§ **Data excerpt**:
********
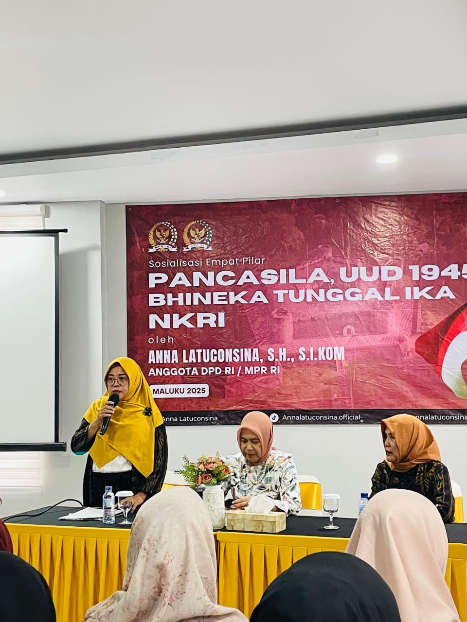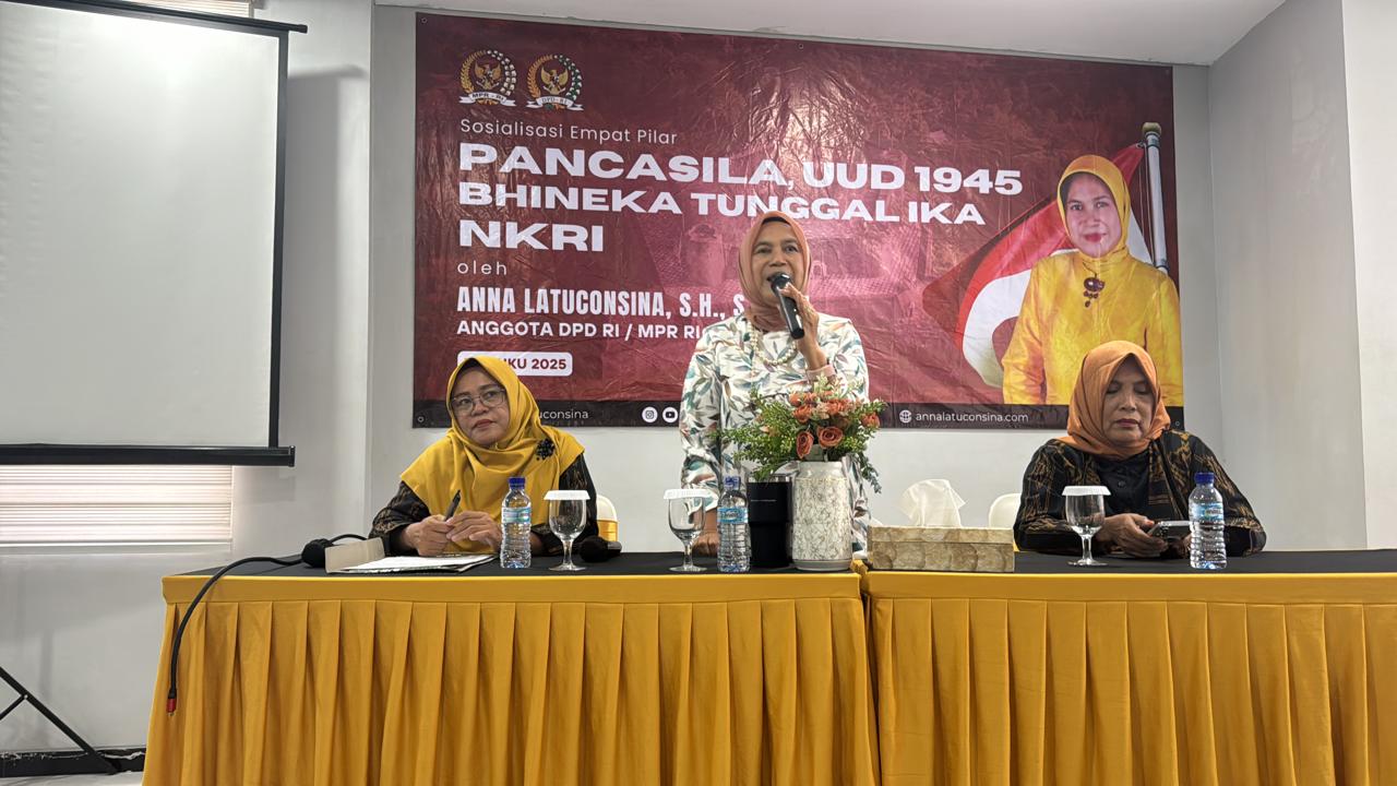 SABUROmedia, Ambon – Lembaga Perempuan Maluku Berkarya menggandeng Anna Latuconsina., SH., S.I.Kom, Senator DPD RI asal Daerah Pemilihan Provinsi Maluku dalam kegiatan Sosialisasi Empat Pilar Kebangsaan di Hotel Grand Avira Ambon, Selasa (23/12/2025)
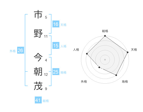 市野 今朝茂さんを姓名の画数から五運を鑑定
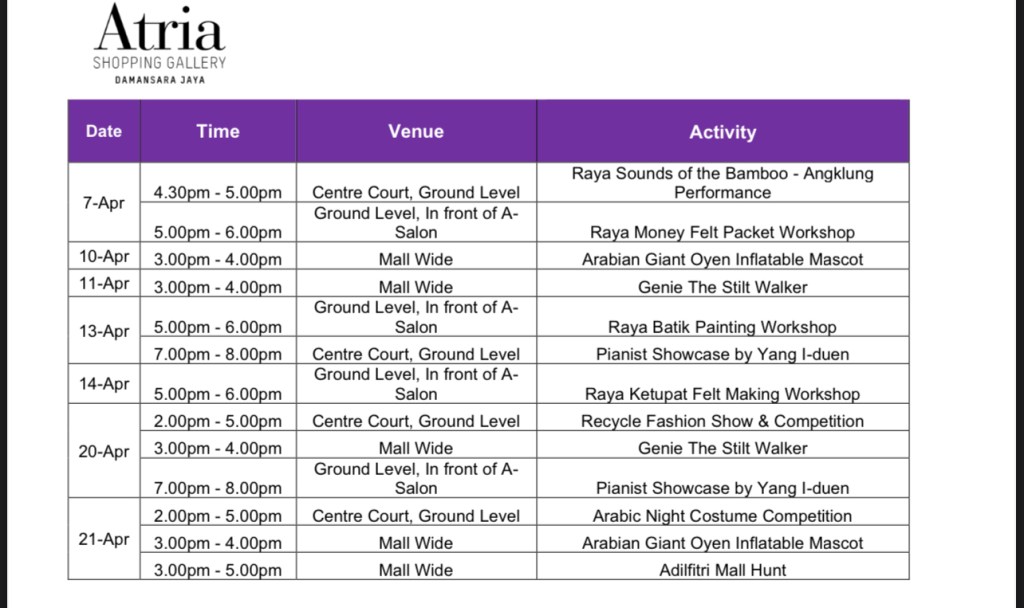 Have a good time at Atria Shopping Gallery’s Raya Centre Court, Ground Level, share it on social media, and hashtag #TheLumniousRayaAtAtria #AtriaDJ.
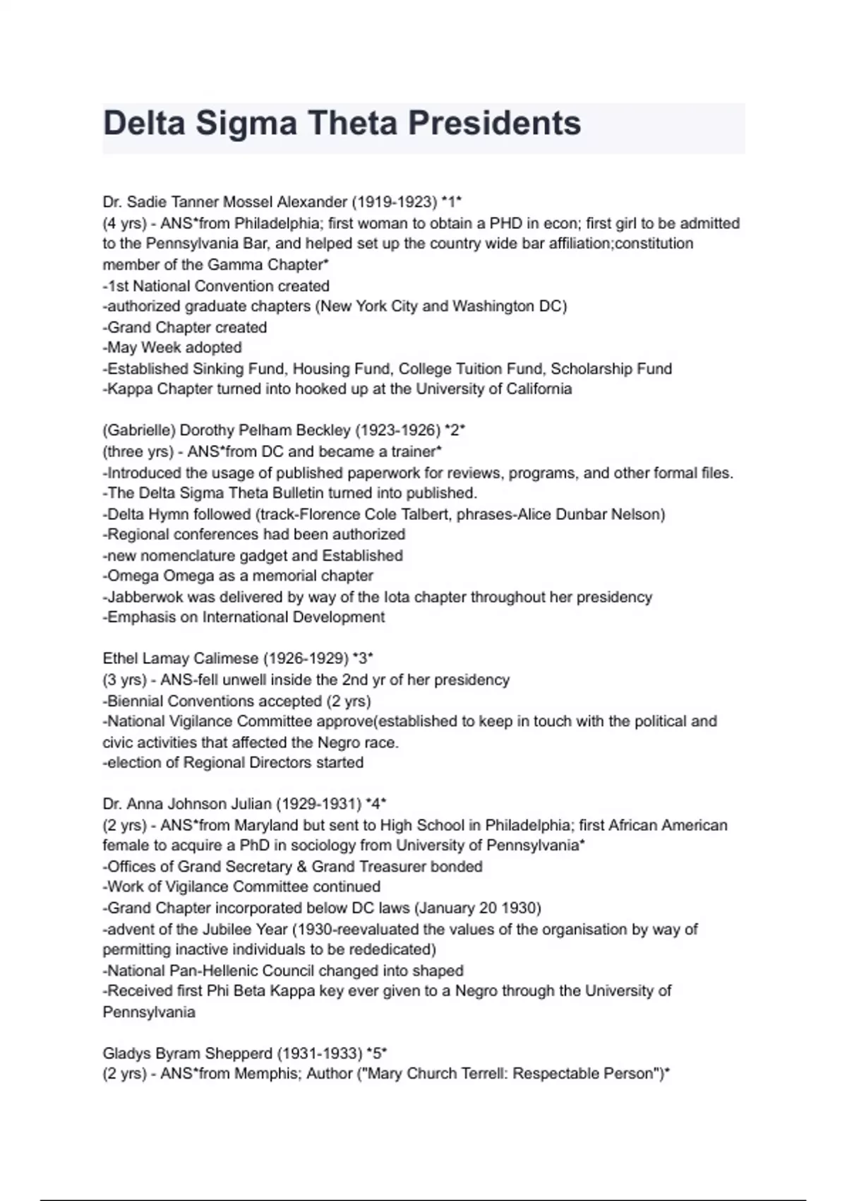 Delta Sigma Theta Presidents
********
§ **Problem statement**:
Make an exact copy of the listing above. Its pictures are not needed.

§ **Problem solution**:
 SABUROmedia, Ambon – Lembaga Perempuan Maluku Berkarya menggandeng Anna Latuconsina., SH., S.I.Kom, Senator DPD RI asal Daerah Pemilihan Provinsi Maluku dalam kegiatan Sosialisasi Empat Pilar Kebangsaan di Hotel Grand Avira Ambon, Selasa (23/12/2025)
 市野 今朝茂さんを姓名の画数から五運を鑑定
 Have a good time at Atria Shopping Gallery’s Raya Centre Court, Ground Level, share it on social media, and hashtag #TheLumniousRayaAtAtria #AtriaDJ.
 Delta Sigma Theta Presidents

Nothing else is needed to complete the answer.